I use a **semantic similarity reward** based on cosine similarity of word embeddings.
Reward = max similarity, re-scaled from [-1, +1] to [0, 1].

So:

Reward is close to 1 when the candidate word is semantically close to one of the targets.

Reward is near 0 when the candidate is unrelated.

---

**Hypothesis**

Initially, the pretrained model is not specialized for our analogy completion format.

After GRPO fine-tuning, I expect:

- The average embedding-based reward on analogies to increase.

- Generated completions to be more semantically aligned with expected answers.

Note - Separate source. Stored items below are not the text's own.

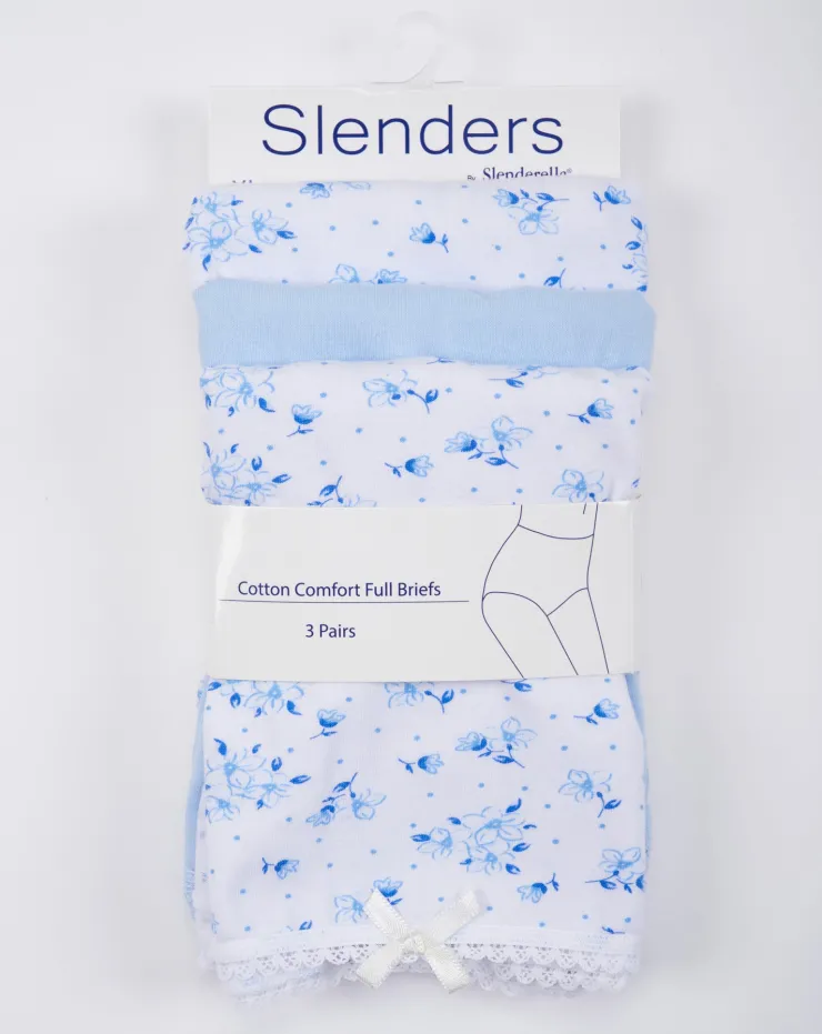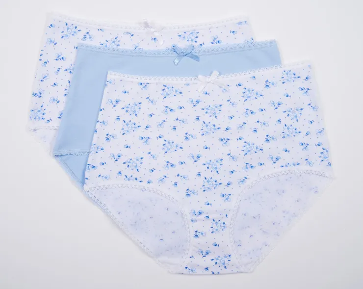 This 3 Pack Cotton Comfort full briefs set comes with two femininely patterned briefs and one plain design. Made in a cotton rich fabric, the briefs have an elasticated waist which creates an extremely flexible and durable garment, ideal for everyday wear. Enjoy full coverage and comfort with these briefs.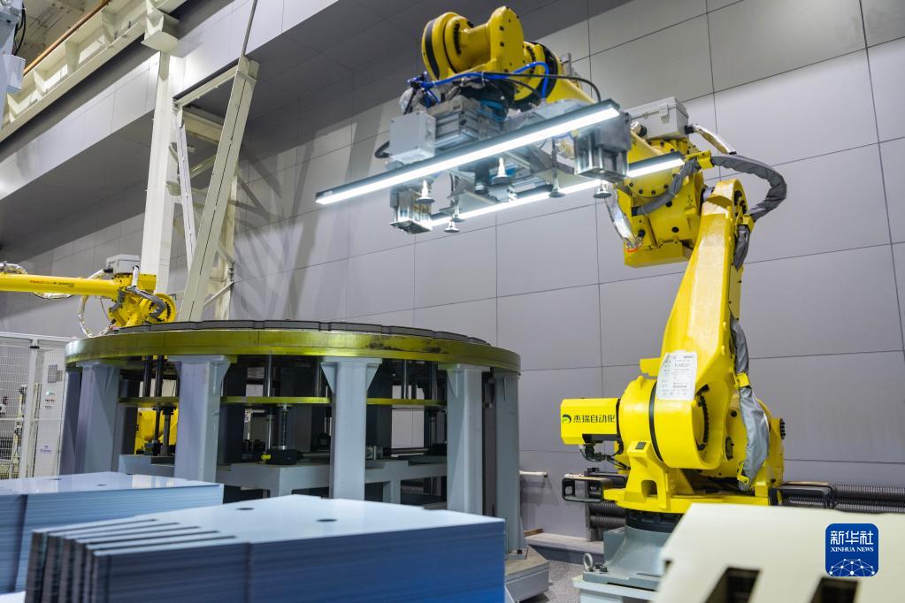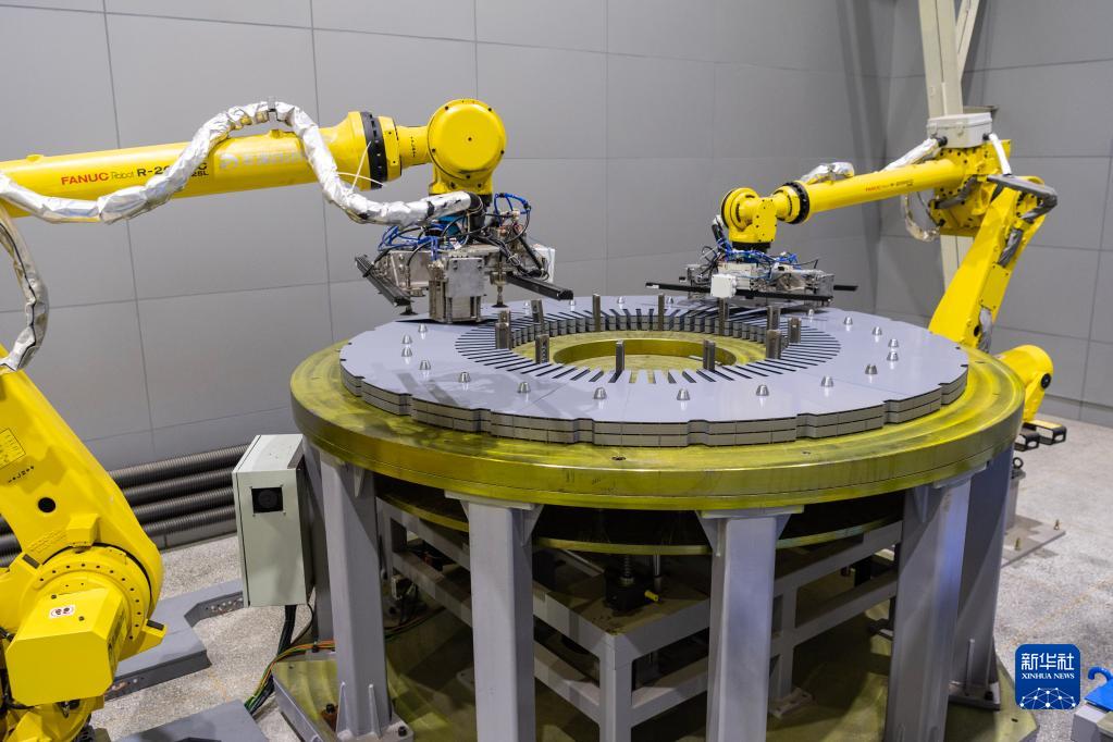在哈電集團哈爾濱電機廠有限責任公司的生產車間,智能疊片機器人在進行自動化作業(3月29日攝)。新華社記者 謝劍飛 攝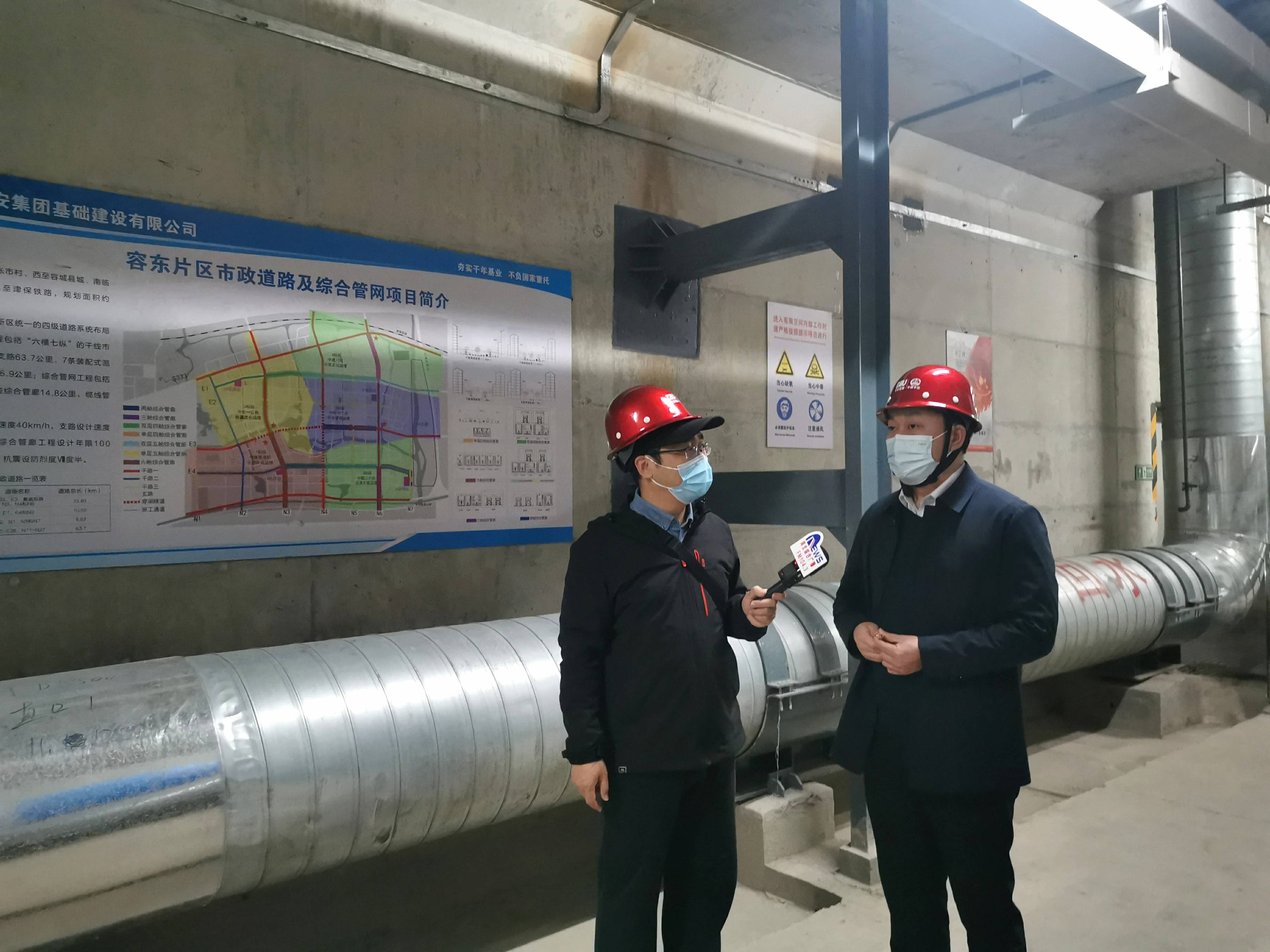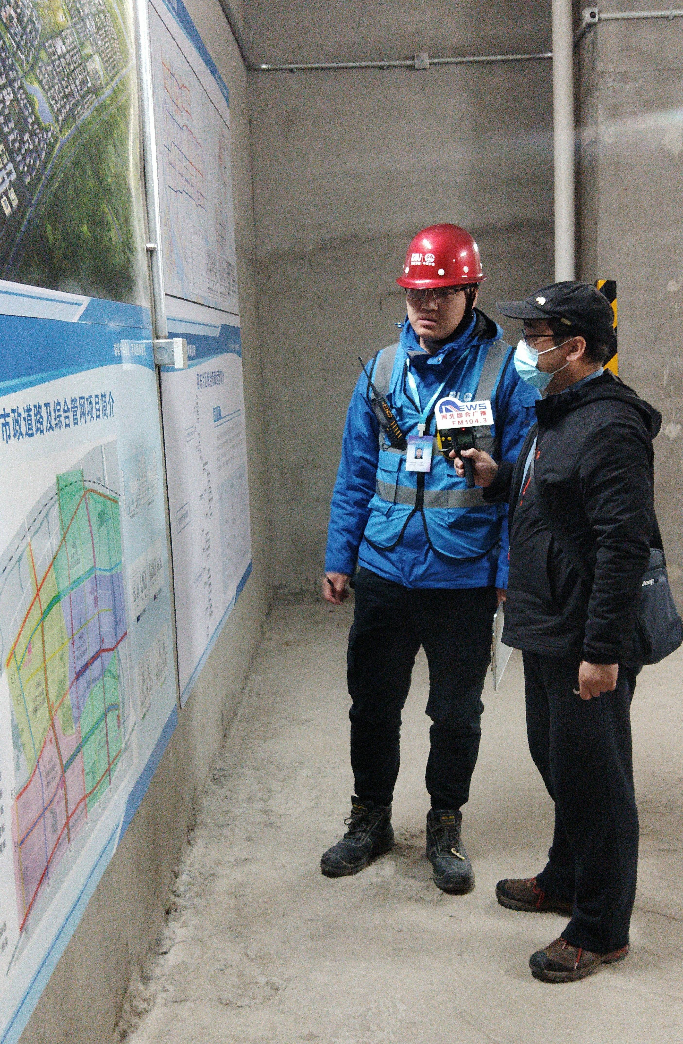 刘羽涵(右)给记者介绍雄安新区容东片区综合管廊的建设理念与过程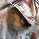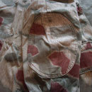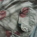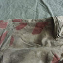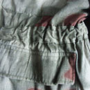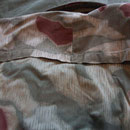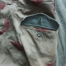 Die Überhose im Tarndruck ist, wie die Schlupfjacke, so geschnitten, daß sie über der Tuchuniform getragen werden konnte. Die Hose verfügt über zwei seitliche Einschubtaschen, welche mit einer Taschenklappen und jeweils zwei Knöpfen verschlossen werden können. Zwei seitlich auf den Hosenbeinen aufgesetzte Taschen, welche mittels einer Taschenklappe und jeweils zwei Knöpfen verschlossen werden können. Zwei Gesäßtaschen, welche mittels einer Taschenklappe und jeweils einem Knopf verschlossen derden können. Weiterhin verfügt die Hose über Befestigungsmöglichkeiten für Hosenträger, einem Gürtel, seitliche Verstellung der Bundweite und Bändern in den Beinen um die Hose über den damals üblichen Schaftstiefeln tragen zukönnen. Die Bänder können bei Nichtbenutzung angeknöpft werden. Vorne wird die Hose geknöpft. Die Hose verfügt weiterhin über eine Verstärkung , aufgesetzter zusätzlicher Stoff, auf den Knien und der Sitzfläche.

With the KL penalty, the model should still behave like a language model and not completely drift into weird outputs.








In [1]:
# Cell 2: Setup and Model Loading

# importing libraries
import math
import random
import string
import torch
import torch.nn as nn
import torch.nn.functional as F
from transformers import AutoTokenizer,AutoModelForCausalLM

device = "cuda" if torch.cuda.is_available() else "cpu"
model_name = "EleutherAI/gpt-neo-125M"

tokenizer = AutoTokenizer.from_pretrained(model_name)
tokenizer.padding_side = "left"
if tokenizer.pad_token_id is None:
    tokenizer.pad_token_id = tokenizer.eos_token_id

# This is trainable policy model
policy_model = AutoModelForCausalLM.from_pretrained(model_name).to(device)

# Frozen reference model
ref_model = AutoModelForCausalLM.from_pretrained(model_name).to(device)
ref_model.eval()
for p in ref_model.parameters():
    p.requires_grad = False

n_params = sum(p.numel() for p in policy_model.parameters())
print(f"Loaded {model_name} with {n_params/1e6:.1f}M parameters")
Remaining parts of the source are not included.